Available data:
----------------------------------------

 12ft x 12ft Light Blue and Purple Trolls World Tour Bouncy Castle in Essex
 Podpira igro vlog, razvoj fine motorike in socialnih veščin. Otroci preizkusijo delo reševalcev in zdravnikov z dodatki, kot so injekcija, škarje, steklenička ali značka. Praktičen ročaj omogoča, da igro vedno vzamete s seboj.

----------------------------------------

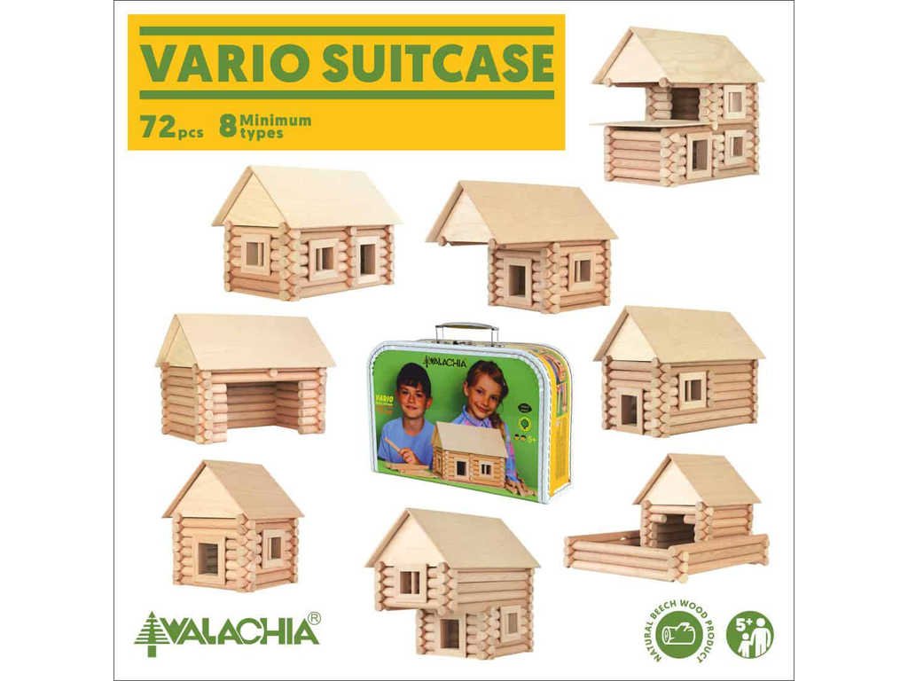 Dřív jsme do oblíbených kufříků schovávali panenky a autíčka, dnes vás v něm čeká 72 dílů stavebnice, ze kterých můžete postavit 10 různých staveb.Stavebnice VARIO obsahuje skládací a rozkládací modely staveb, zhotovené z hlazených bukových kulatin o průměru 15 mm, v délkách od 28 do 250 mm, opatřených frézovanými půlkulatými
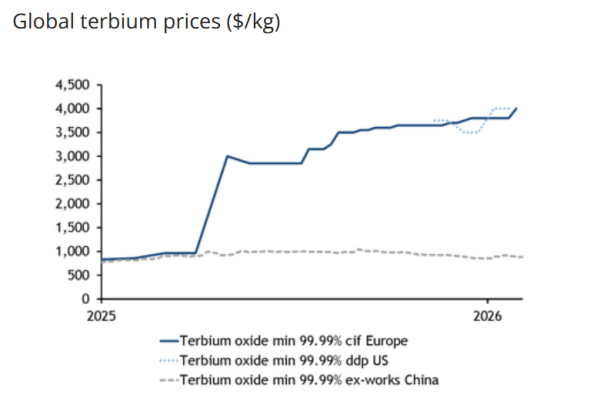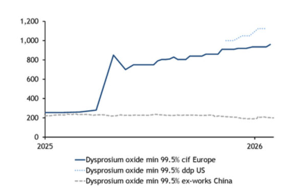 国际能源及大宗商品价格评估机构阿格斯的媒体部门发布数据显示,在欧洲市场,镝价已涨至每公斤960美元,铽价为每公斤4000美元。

----------------------------------------

Work required: Set down exactly the lines of the data above, beginning with the line that has "12ft x 12ft" and ending with the line that has "Podpira igro vlog, razvoj", and no others.

Written solution:
 12ft x 12ft Light Blue and Purple Trolls World Tour Bouncy Castle in Essex
 Podpira igro vlog, razvoj fine motorike in socialnih veščin. Otroci preizkusijo delo reševalcev in zdravnikov z dodatki, kot so injekcija, škarje, steklenička ali značka. Praktičen ročaj omogoča, da igro vedno vzamete s seboj.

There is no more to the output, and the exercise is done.